Only good things can come from such a policy.

Inoculation & Blacklisting

There are two technologies at play here (which can also work simultaneously):

  1. Inoculation: Let’s assume a customer has a problem and that problem is utterly unrelated to any Nimble code. Instead of saying “Not Us”, we will still try to perform root cause analysis, and if we can identify a workaround (even if totally unrelated to us), we will automatically create cases for all customers that may be susceptible to this issue. The case will include instructions on how to proactively prevent the problem from occurring.
  2. Blacklisting: In this case, there is something we can do that is related to our OS. For instance, a hypervisor bug that only affects certain versions of our OS, or some sort of incompatibility. We will then automatically prevent susceptible customers from installing any versions of our OS that clash with their infrastructure.
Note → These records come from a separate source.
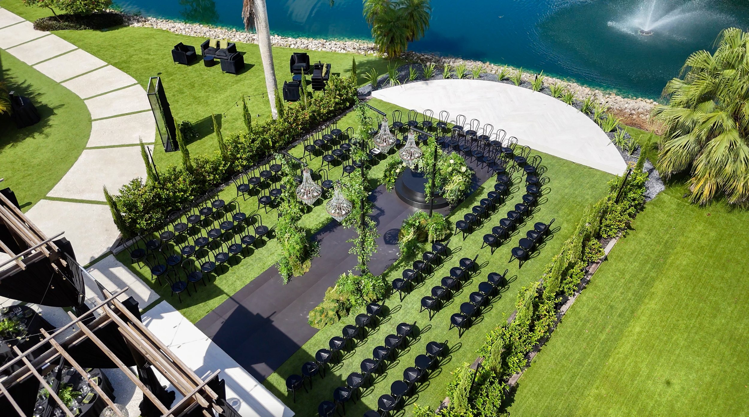 Gorgeous, raised ceremony stage against the backdrop of a tranquil pond and foundation – Our Circle of Love
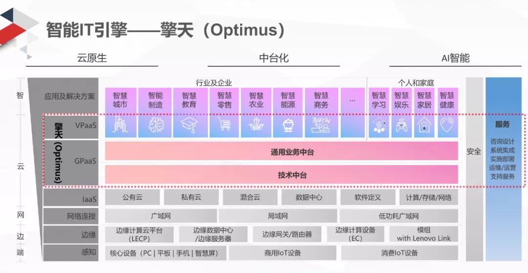 聯(lián)想智能IT引擎“擎天”是基于“端-邊-云-網(wǎng)-智”新IT架構(gòu)的內(nèi)核,包含了技術(shù)中臺和通用業(yè)務中臺的GPaaS層,以及面向不同行業(yè)領域的VPaaS層,具有云原生、中臺化、AI智能三大技術(shù)特征。
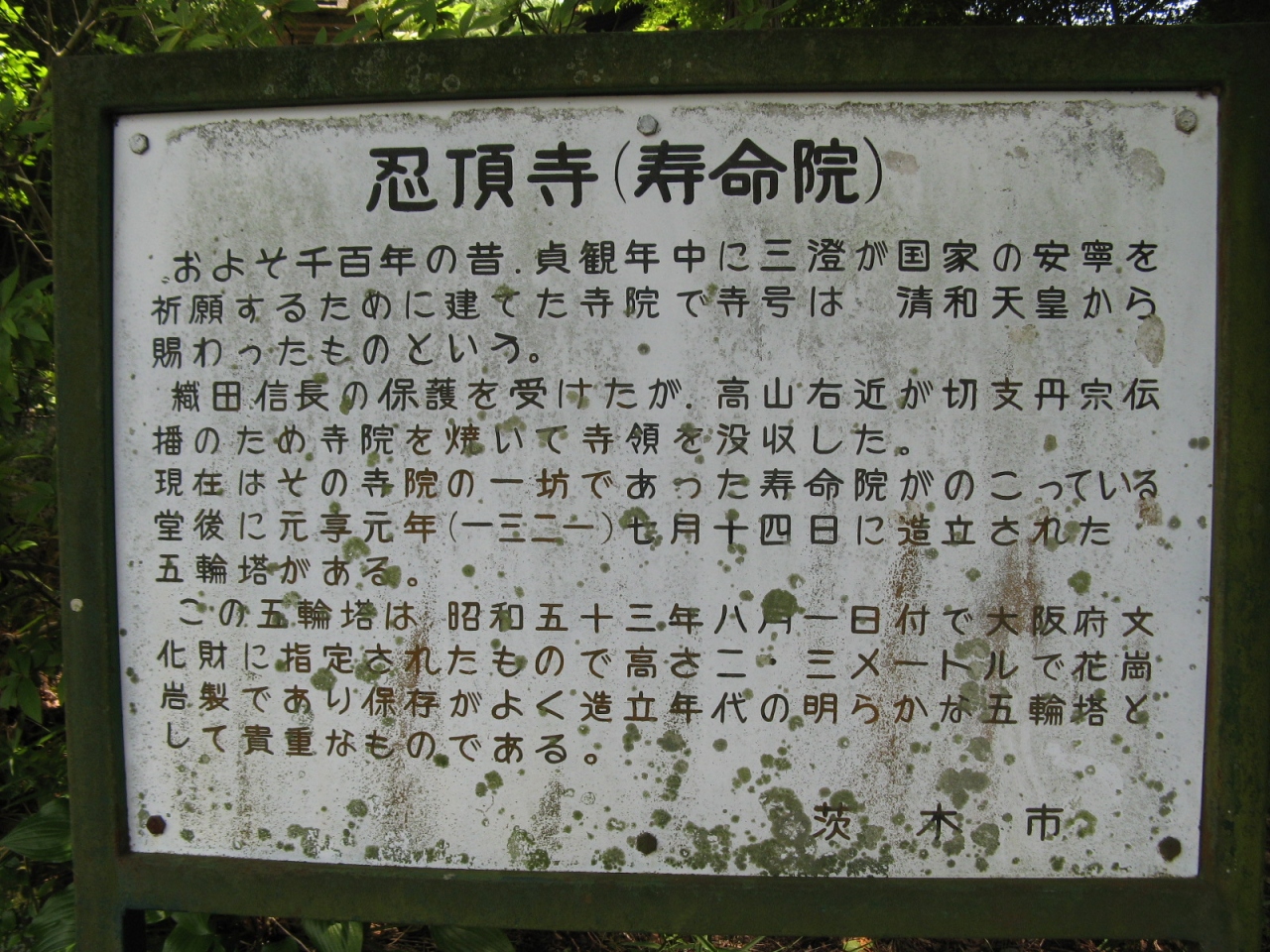 現地にある由緒書きには『およそ千百年の昔、貞観年中に三澄が国家の安寧を祈願するために立てた寺院で寺号は、清和天皇から賜ったものという。織田信長の保護を受けたが、高山右近が切支丹宗伝播のため寺院を焼いて寺領を没収した。現在はその寺院の一坊であった寿命院がのこっている。』と記載されています。詳細については由緒書きの写真を添付しますので参照ください。
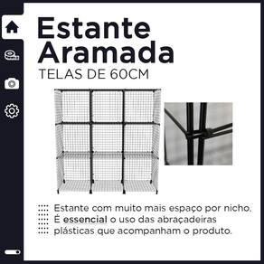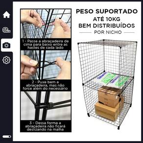 CARACTERÍSTICAS: - Cor: Preto - Material: Aço - Tela aramada com malha de espaços de 5 cm - Medidas do Nicho: 60 x 60 x 60 cm - Distância do Chão: 5cm - Suporta aproximadamente 10kg bem distribuídos por nicho
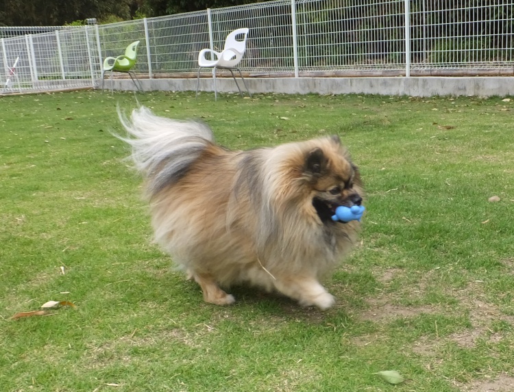 一番に来てくれたのはポメMIXのポンキチ君^^Myゾウさんのおもちゃお気に入りです♪

Contrast that to other vendors asking customers to look at compatibility matrices or, worse, letting customers download and install any OS version they’d like…
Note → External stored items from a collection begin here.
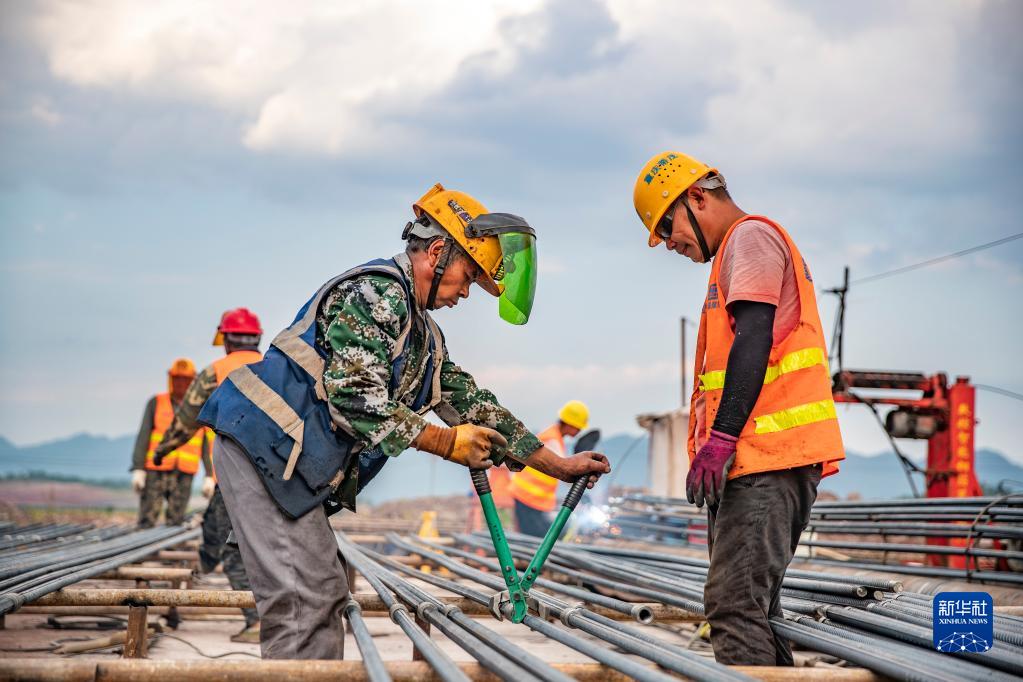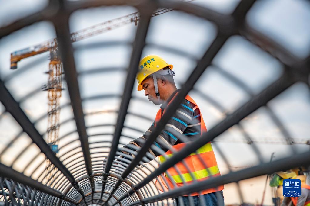 10月4日,施工人员在重庆江北国际机场T3B项目上进行钢筋绑扎作业。 截至目前,由中建八局承建的重庆江北国际机场T3B项目已进入主体施工阶段。连日来,1000余名建设者放弃国庆休息时间,在工地上度佳节、战高温、赶进度,奋战在项目建设一线。 新华社记者 黄伟 摄
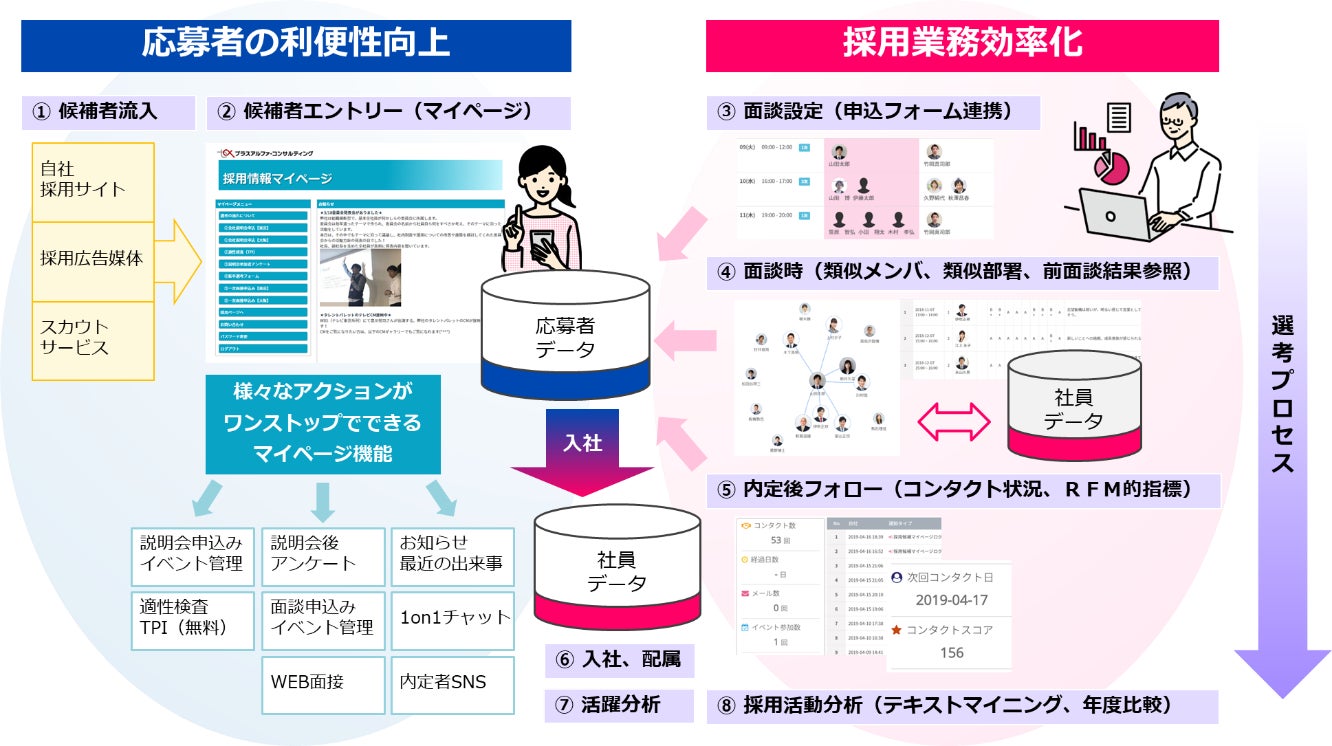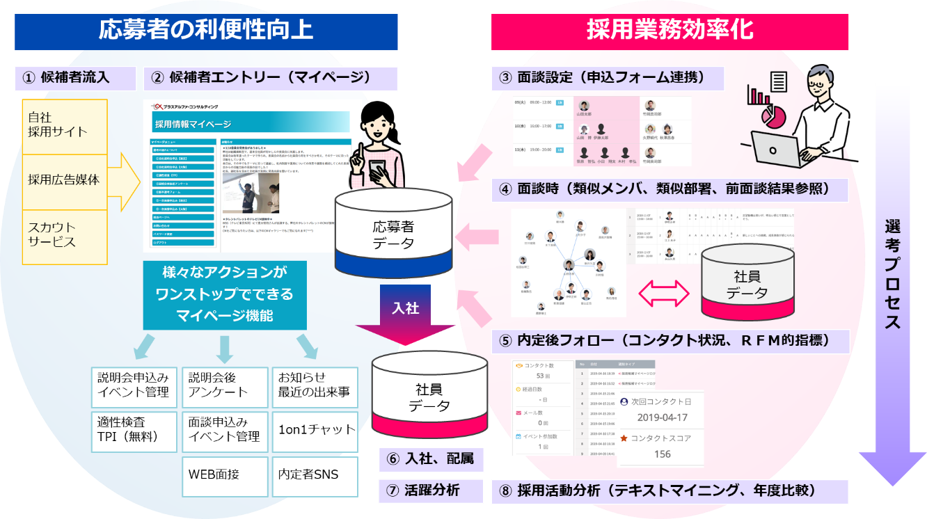 採用管理機能では、エントリー学生とのやりとりを行うマイページやチャットの設定、説明会のスケジュール管理、面談設定や選考管理、内定者フォローといった一連の採用業務の効率化が実現できると同時に、年度をまたいだ過去の応募者・内定者のデータも蓄積できることで、母集団形成から内定承諾に至る各種施策の効果測定を分析することで、採用戦略の振り返り・改善に活かすことが可能となります。
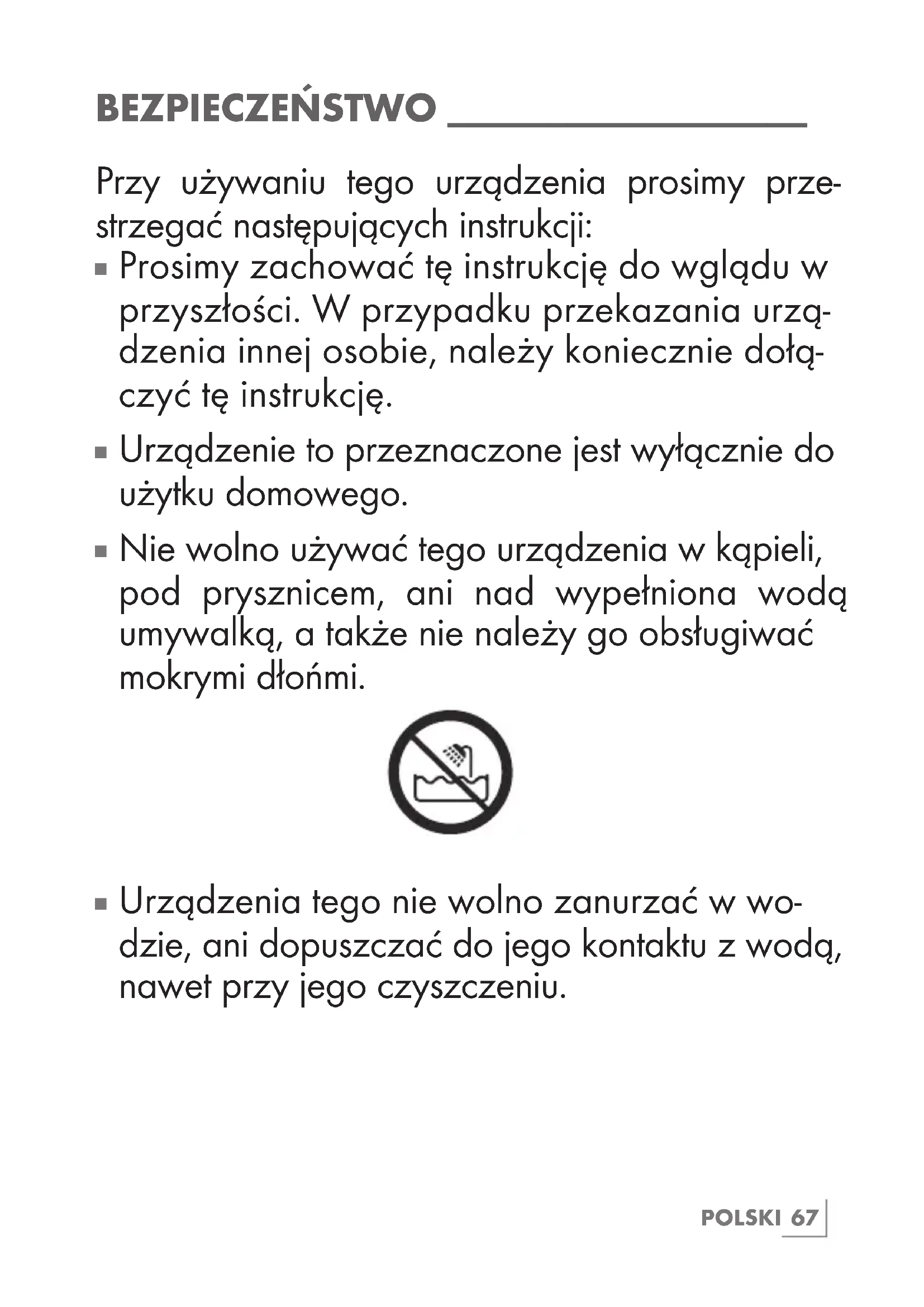 Nie wolno używać tego urządzenia w kąpieli, pod prysznicem, ani nad wypełniona wodą umywalką, a także nie należy go obsługiwać mokrymi dłońmi.

Here’s an example of a customer that we won’t let upgrade until we help them resolve the underlying issue:

Blacklisting

Hardware upgrade recommendations

Another proactive thing InfoSight does is to recommend not just software but also hardware upgrades based on proprietary and extremely intelligent analysis of trending (and not based on simple statistical models, per the Anscombe’s Quartet example earlier on).

Things like controller, cache, media and capacity are all examined, and the customers see specific and easy to follow recommendations:

Upgrade recommendation

Notice we don’t say something vague like “not enough cache”. We explicitly say “add this much more cache.”

There is still enough cache in this example system for now, but with intelligent projections, the recommended amount is calculated and presented. The customer can then easily take action without needing to call support nor hire expensive consultants. And take action before things get too tight.

Other InfoSight Benefits

There are many other benefits, but this post is getting dangerously long so I will describe just a few of them in a list instead of showing screenshots and detailed descriptions for everything.

  • Improved case automation: About 90% of all cases are opened automatically, and a huge percentage of them are closed automatically
  • Accelerated code evolution: Things that take other companies years to detect and fix/optimize are now tackled in a few weeks or even days
  • App-aware reporting: Instead of reporting generically, be able to see detailed breakdowns by application type (and even different data types for the same application, for example Oracle data vs Oracle logs)
  • Insight into how real applications work: check here for an excellent paper.
  • Sizing: Using the knowledge of how applications work across the entire customer base, help array sizing become more accurate, even in the face of incomplete requirements data
  • Protection: tell customers what is protected via snaps/replication, including lag times
  • Visualizations: Various ways of showing heretofore difficult or impossible to see behaviors and relationships
  • Heuristics-based storage behavior: Using knowledge from InfoSight, teach the storage system how to behave in the face of complex issues, even when it’s not connected to InfoSight
  • Extension into cloud consumers: Provide visibility into AWS and Azure environments using Nimble Cloud Volumes (NCV).
And we are only getting started. Think of what kind of infrastructure automation could be possible with this amount of intelligence? Especially at large scale?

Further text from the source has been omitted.